Almost immediately, however, the advantages of ramps and curb cuts were welcomed by those pushing strollers or shopping carts, cyclists, skateboarders, skaters or people whose joints felt better with the ease of a sloping surface than with the harder impact of stepping up and down.
Steve Jacobs, accessibility program manager with NCR in Dayton, puts it this way: Sidewalks with curb cuts are simply better sidewalks.
The same principle applies to many aspects of our environment automatic doors, lowered drinking fountains, louder pay phones. Taken for granted as useful to everyone, these were things developed for people physically unable to open a heavy door, reach a high fountainor hear at lower volumes.
The telephone, the communications instrument that changed America, was invented by Alexander Graham Bell to help the deaf.
The first long-playing record machine, the Readophone, was adopted in 1934 by the Library of Congress Books for the Blind Project, recording 2 hours and 20 minutes, 28,000 spoken words, of literature on a single disc. Today, books on tape, first used by the blind, are sold to busy commuters, executives and homemakers everywhere who relish the multitasking abilities they afford.
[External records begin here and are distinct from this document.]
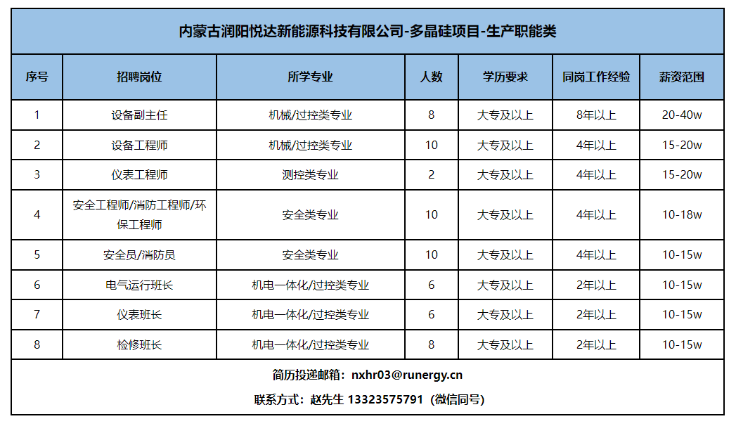 三、多晶硅招聘岗位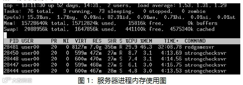 《天天爱消除》外网机器负载表现为内存占用率较高,CPU 使用率较低,同时因为是弱交互的手游,网卡流量并不会存在瓶颈。玩家同时在线高峰期,机器内存使用出现告警。核心进程组gamesvr 和checksvr 占用内存过多,下图1 是机器内存使用情况。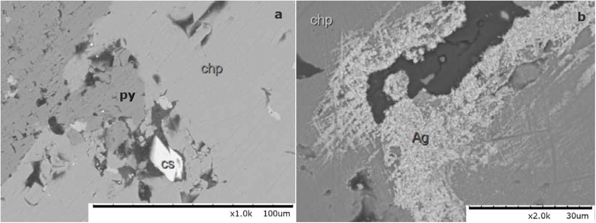 Рис. 3. a) идиоморфный касситерит (cs) в ксеноморфном халькопирите (chp), образующем тесное срастание с ксеноморфными пиритом (py); b) дендриты серебра (Ag) в ксеноморфном халькопирите (chp)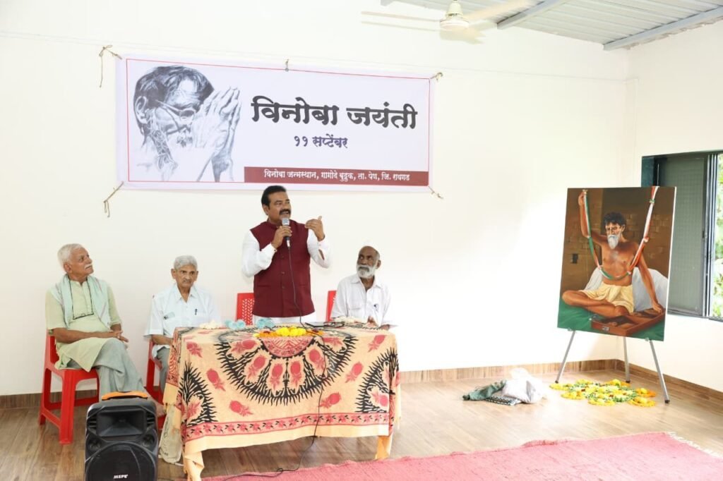 यावेळी महेंद्रशेठ घरत म्हणाले, ”विनोबा भावे महान होते. त्यांनी जगाला आदर्शवत अशी भूदान चळवळ राबवली. ज्यांना जमिनी नाहीत त्यांना विनोबा भावे यांनी सावकारांकडून जमिनी घेऊन त्या भूमिहीनांना दान केल्या. त्यांची ही भूमिका जगावेगळी आहे. विनोबा भावे आणि कर्मवीर भाऊराव पाटील यांचा आदर्श मी घेतला. आपल्या ताटातील अर्धी भाकरी दुसऱ्याला देण्याचा. त्यामुळेच स्वत:च्या कमाईतील ४० टक्के कमाई गोरगरिबांवर मी खर्च करतोय. अनेक विद्यार्थ्यांना दत्तक घेऊन शिक्षण आणि नोकरीही दिली. गरिबांच्या घरांना मदत, अनेकांना घरे, गाड्या दिल्यात. हीच दातृत्वाची भावना घेऊन यापुढेही असेच आयुष्य जगणार आहे. ”

Picture-based keyboards, first introduced in the 1960s to provide a means of communication for people unable to use their own voices for speech, are now ubiquitous in fast food restaurants or other point-of-sale applications, expediting transactions and providing jobs to individuals whose limitations might have rendered them unemployable 10 to 20 years ago.
When entrepreneur Deane Blazie developed the Braille 'n Speak in 1987, it was a handheld device with a six-key Braille keyboard, speech output, a simple word processor, calendar, calculator and other features. Essentially, he gave blind people a forerunner of the Palm Pilot.
The origins of such technological staples as public address systems, text messaging and even the Internet itself can be traced to innovative accommodations to people with disabilities. This phenomenon is the basis for a growing awareness among engineers, architects and product developers of the significance of universal design in our physical and electronic environments.